Notable changes this week in Bitcoin Core, C-Lightning, Eclair, LND, Rust-Lightning, libsecp256k1, Hardware Wallet Interface (HWI), Rust Bitcoin, BTCPay Server, Bitcoin Improvement Proposals (BIPs), and Lightning BOLTs.

  • Bitcoin Core #19509 adds per-peer message capture between nodes as well as the ability to produce JSON outputs from those logs. Using the newly introduced command line argument -capturemessages, any message that the node sends or receives is logged. There is a long history of tools with similar functionality, but this addition provides a native alternative to less actively maintained options.

  • Bitcoin Core #20764 adds additional information to the output produced using bitcoin-cli -netinfo. New details include the type of peer (e.g. full relay or blocks-only), number of manually added peers, peers using BIP152 “high bandwidth” (faster) block relay mode, and any peers using the I2P anonymity network (being worked on in a separate PR).

  • Rust-Lightning #774 adds support for fetching blocks and headers from Bitcoin Core’s REST and RPC interfaces. Additionally, a BlockSource interface is provided and can be extended to work with custom sources.

  • HWI #433 adds support for signing PSBTs with OP_RETURN outputs.

  • BIPs #1021 updates the BIP8 soft fork activation mechanism, changing its behavior for nodes that choose to enforce the lockin on timeout feature. Previously, those nodes would reject any block that didn’t signal for activation during the mandatory activation period. After this change, the nodes will tolerate up to the maximum number of non-signaling blocks possible that still guarantee activation. This reduces the number of blocks that may be needlessly rejected and reduces the potential for miscommunication between miners and node operators.

  • BIPs #1020 updates BIP8 to no longer require signaling during the locked in period now that activation can be assured using required signaling in the recently added must signal period.

  • BIPs #1048 rewrites most of the BIP322 proposal for generic message signing as proposed a few weeks ago on the mailing list (see Newsletter #130). The changes allow wallets that don’t implement a complete set of checks to return an “inconclusive” state for signatures that use scripts they don’t understand. It also clarifies the implementation instructions and removes unnecessary data from the signature serialization.

  • BIPs #1056 adds BIP350 with a specification of bech32 modified (bech32m) as previously discussed on the mailing list (see Newsletter #131). This modified version of bech32 addresses from BIP173 will apply to planned taproot addresses and later improvements using segwit witness scripts.
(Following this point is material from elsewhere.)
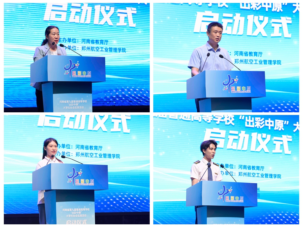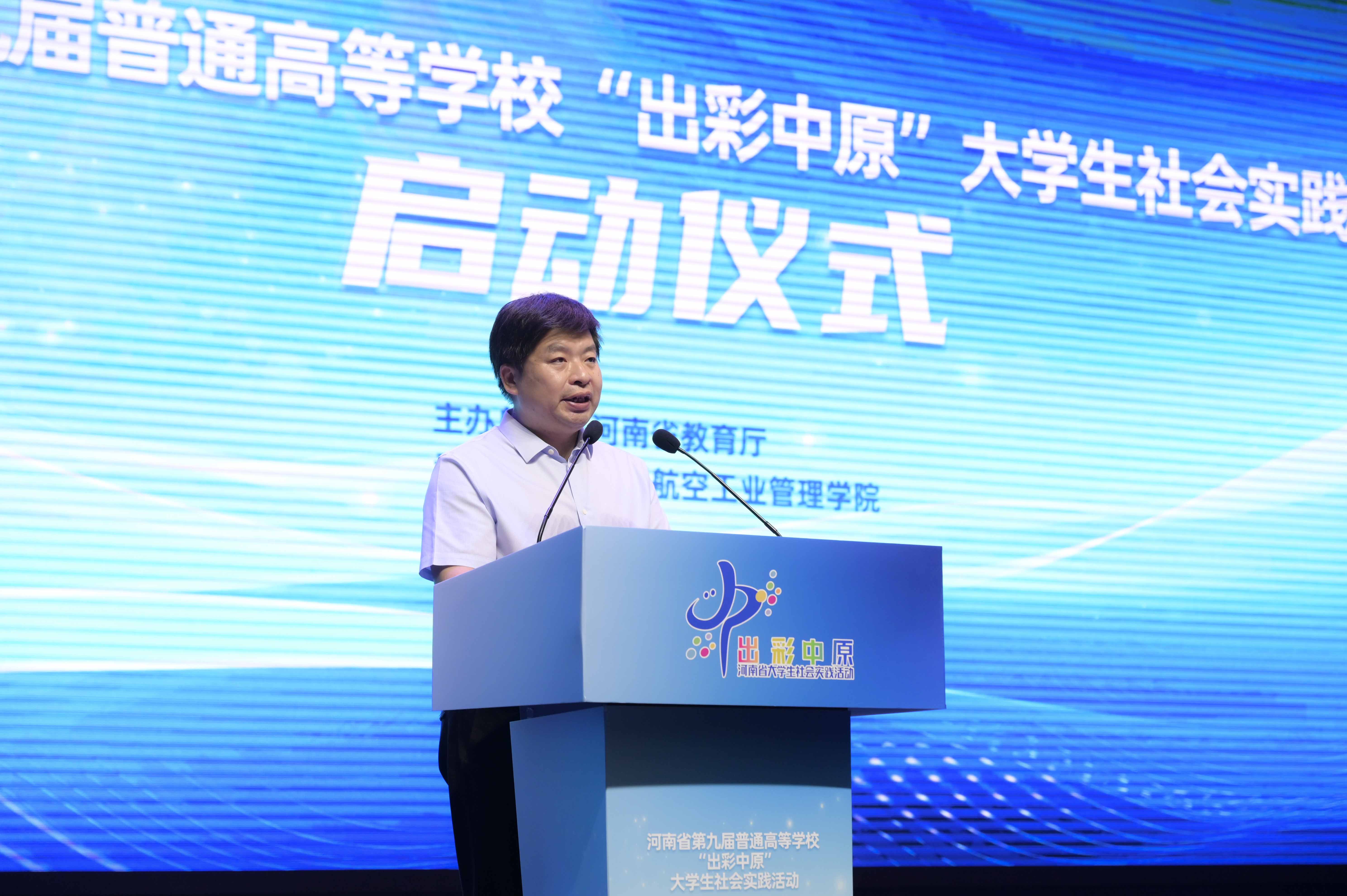 6月20日,由河南省教育厅主办、我校承办的河南省第九届普通高等学校“出彩中原”大学生社会实践活动启动仪式举行。省教育厅党组成员、副厅长,省委教育工委委员吕冰,共青团河南省委二级巡视员王鑫,校党委副书记、工会主席李捷,省教育厅学生处处长李班,共青团河南省委高校部副部长郭翔宇,省教育厅学生处副处长王琰出席启动仪式。全省178所高校社会实践工作部门负责人、9所省级主题社会实践活动承办高校学生处处长、部分驻郑高校师生代表参加仪式。仪式由副校长张聚伟主持。

  • BIPs #988 updates the BIP174 specification for PSBTs to require programs operating in the creator role to initialize empty output fields, similar to an existing requirement to initialize empty input fields. Existing PSBT creators such as Bitcoin Core were already doing this.

  • BIPs #1055 updates BIP174 to clarify the format for proprietary extensions, extends the table of fields with rows indicating how they apply to different versions of PSBTs, and marks the BIP as final with regard to the original version 0 of PSBTs.

  • BIPs #1040 updates the BIP85 specification for creating keys and keychains from a super BIP32 keychain. The updates describe how to use the super keychain to create keys for RSA-based PGP signatures that can be loaded on to GPG-compatible smartcards.

  • BIPs #1054 updates the BIP141 specification of segwit’s consensus changes to clarify how the number of signature operations (sigops) is counted when OP_CHECKMULTISIG and OP_CHECKMULTISIGVERIFY are used. The text previously noted that they were counted the same as when P2SH was used but the update describes the unintuitive particulars: “For 1 to 16 total public keys CHECKMULTISIG is counted as 1 to 16 sigops respectively, and for 17 to 20 total public keys it is counted as 20 sigops.”

  • BIPs #1047 updates the BIP39 specification for deterministically generating BIP32 seeds from a phrase, adding a warning that the use of non-English word lists is not widely supported and so is not recommended for implementation.